Pursuant to Section 6(b) of the Securities Act of 1933 and Rule 457(c) of
the Securities Act Rules, the computation of fees is based upon the average
of the high and low prices on September 18, 1996, of the Common Stock as
reported in The Wall Street Journal on September 19, 1996.

The approximate date of commencement of the proposed sale of the securities
to the public is as soon as practicable following the effective date of
this Registration Statement.
                                        
                                        
                                  PART II
               INFORMATION REQUIRED IN THE REGISTRATION STATEMENT

ITEM 3.   INCORPORATION OF DOCUMENTS BY REFERENCE.
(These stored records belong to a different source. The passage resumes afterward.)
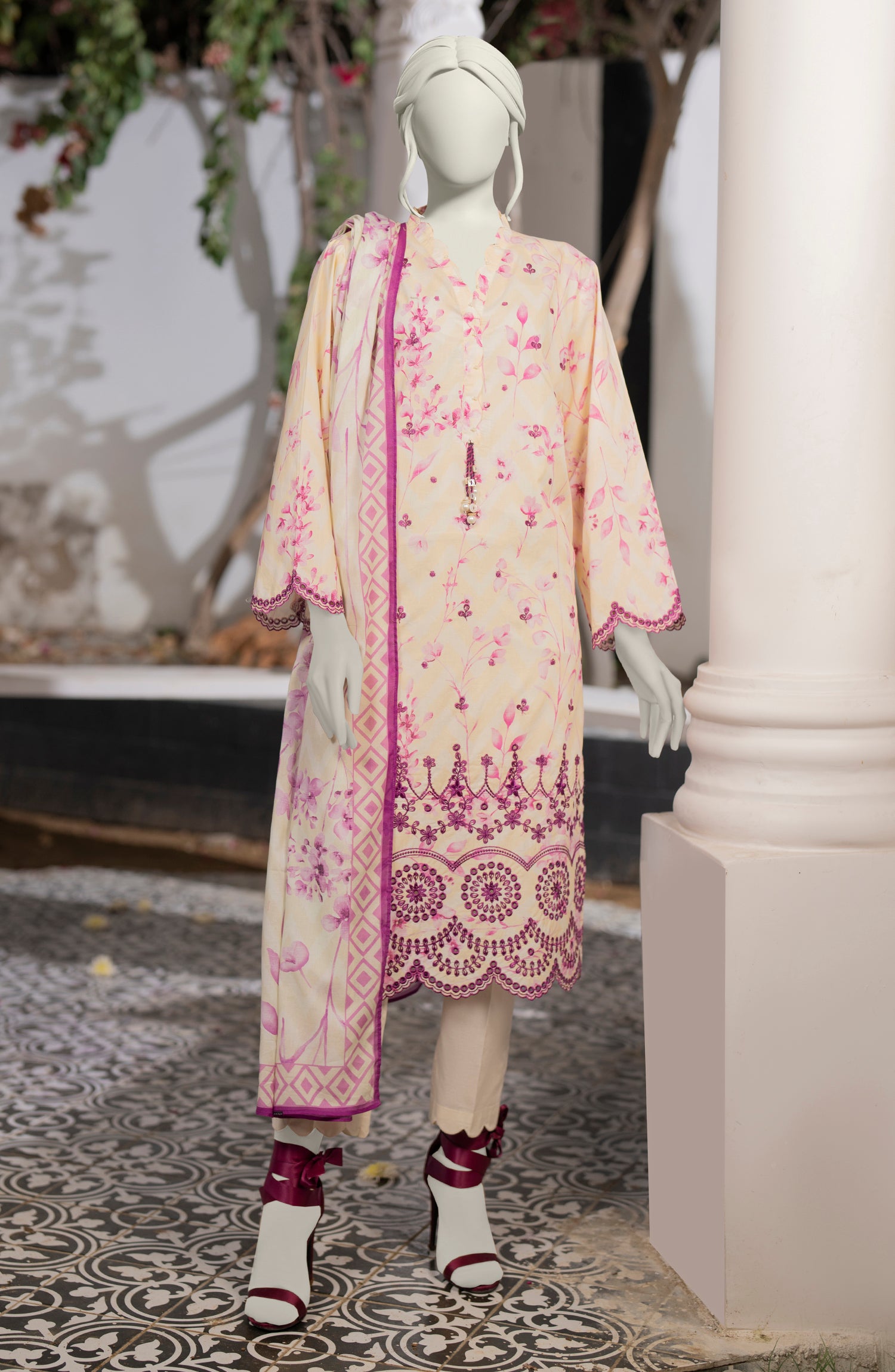 EMBROIDERED PRINTED LAWN 3PCS UNSTITCHED
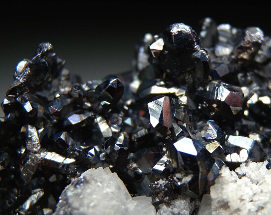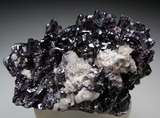 Old specimen of Pyragyrite from St. Andreasberg. Nothing but crystals all over, it's solid Pyrargyrite with a bit of attached white Calcite. There are a couple missing crystals, but it's in great condition overall. Translucent red when backlit.
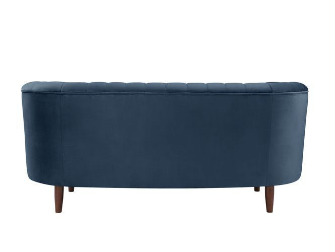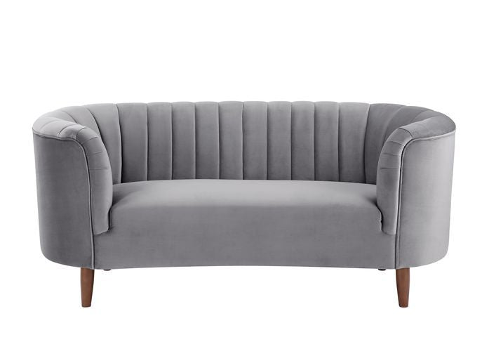 An ode to mid-century modern, the Millephri collection will help achieve this modern aesthetic. The pocket coil foam seating gives off the feel of sitting on a plush cloud. The pieces are upholstered in a gorgeous velvet fabric and feature deep channel tufting, for added texture and depth. The wooden legs provide stability and style. This collection provides an instant upgrade in any room. Available in three colors, olive-yellow, gray and, blue.
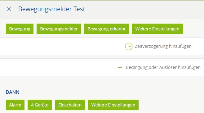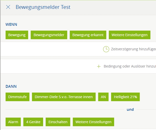 Dieses Szenario (Regel 2) ist für einschalten, das klappt einwandfrei. (siehe oben) Dann möchte ich dieses einbinden, also Bewegungsmelder an (siehe unten)
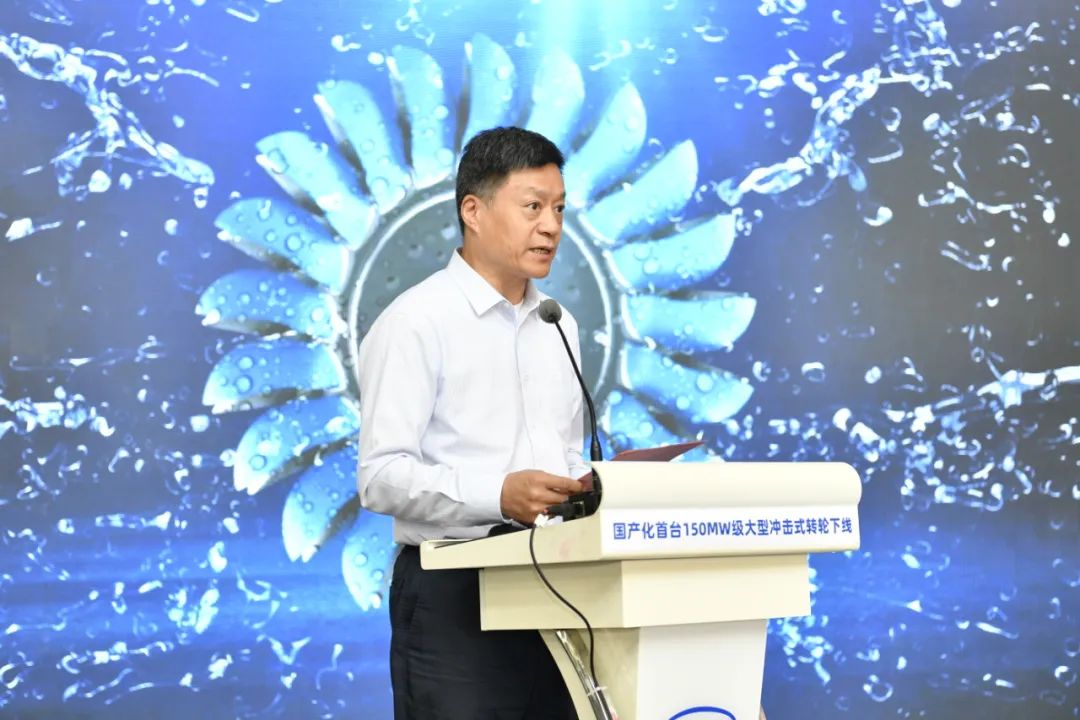 俞培根代表W66利来国际集团向出席本次活动的领导专家表示热烈的欢迎,对大家长期以来对W66利来国际集团的关心、支持与帮助表示衷心的感谢,向参与150兆瓦级冲击式转轮国产化研制的全体人员表示热烈的祝贺。他表示,W66利来国际集团始终秉持产业报国初心和制造强国使命,把科技自立自强作为发展的战略支撑,用实际行动“把关键核心技术牢牢掌握在自己手中”。本次完工下线的国产化首台150兆瓦级冲击式转轮是W66利来国际集团深入践行国家“双碳”战略、瞄准国内空白和世界一流开展关键核心技术攻关、推动我国能源装备自立自强的具体实践。W66利来国际集团将持续坚持服务国家战略,与相关单位、创新联合体深入合作,按照既定的“三步走”战略,全力推进巨型冲击式水电机组关键核心技术攻关,不断提高我国能源装备行业核心竞争力,为加快建设科技强国 ,更好服务“双碳”目标作出新的更大贡献。

     The Company hereby incorporates by reference into this Registration
Statement the following documents filed with the Commission:

1.   The Company's annual report on Form 10-K for the fiscal year ended
     October 31, 1995  filed pursuant to Section 13(a) of the Exchange Act;

2.   The Company's quarterly reports on Form 10-Q for the fiscal quarters
     ended January 31, 1996, April 28, 1996 and July 28, 1996, filed
     pursuant to Section 13(a) of the Exchange Act;

3.   The Company's proxy statement dated March 8, 1996, filed pursuant to
     Section 14 of the Exchange Act;

4.   The description of the Company's Common Stock, registered under
     Section 12 of the Exchange Act, which is contained in the Registration
     Statement filed under such Act, including any amendment or report
     filed for the purpose of updating such description.
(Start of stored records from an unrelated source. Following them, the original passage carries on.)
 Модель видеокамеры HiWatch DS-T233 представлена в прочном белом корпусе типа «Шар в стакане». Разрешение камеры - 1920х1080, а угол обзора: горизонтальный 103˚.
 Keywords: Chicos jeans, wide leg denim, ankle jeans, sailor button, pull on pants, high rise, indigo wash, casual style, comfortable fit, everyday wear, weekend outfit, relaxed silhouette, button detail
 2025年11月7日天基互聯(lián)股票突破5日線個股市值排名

     All reports and definitive proxy or information statements
subsequently filed pursuant to Section 13(a), 13(c), 14 or 15(d) of the
Exchange Act prior to the filing of a post-effective amendment which
indicates that all securities offered have been sold or which deregisters
all securities then remaining unsold shall be deemed to be incorporated by
reference into this Registration Statement and to be a part hereof from the
date of filing of such documents.  See "Available Information."  Any
statement contained in a document incorporated or deemed to be incorporated
herein by reference shall be deemed to be modified or superseded for
purposes of this Registration Statement to the extent that a statement
contained herein or in any other subsequently-filed document which also is
or is deemed to be incorporated by reference herein modifies or supersedes
such statement.

     The Company will provide without charge to each person to whom a
prospectus is delivered, upon request of such person, a copy of any or all
of the foregoing documents incorporated herein by reference (other than
exhibits to such documents not specifically incorporated by reference).
Written or telephone requests should be directed to Optical Coating
Laboratory, Inc., 2789 Northpoint Parkway, Santa Rosa, California  95407-
7397, Telephone (707) 545-6440, Attention: John M. Markovich, Vice
President, Finance and Chief Financial Officer.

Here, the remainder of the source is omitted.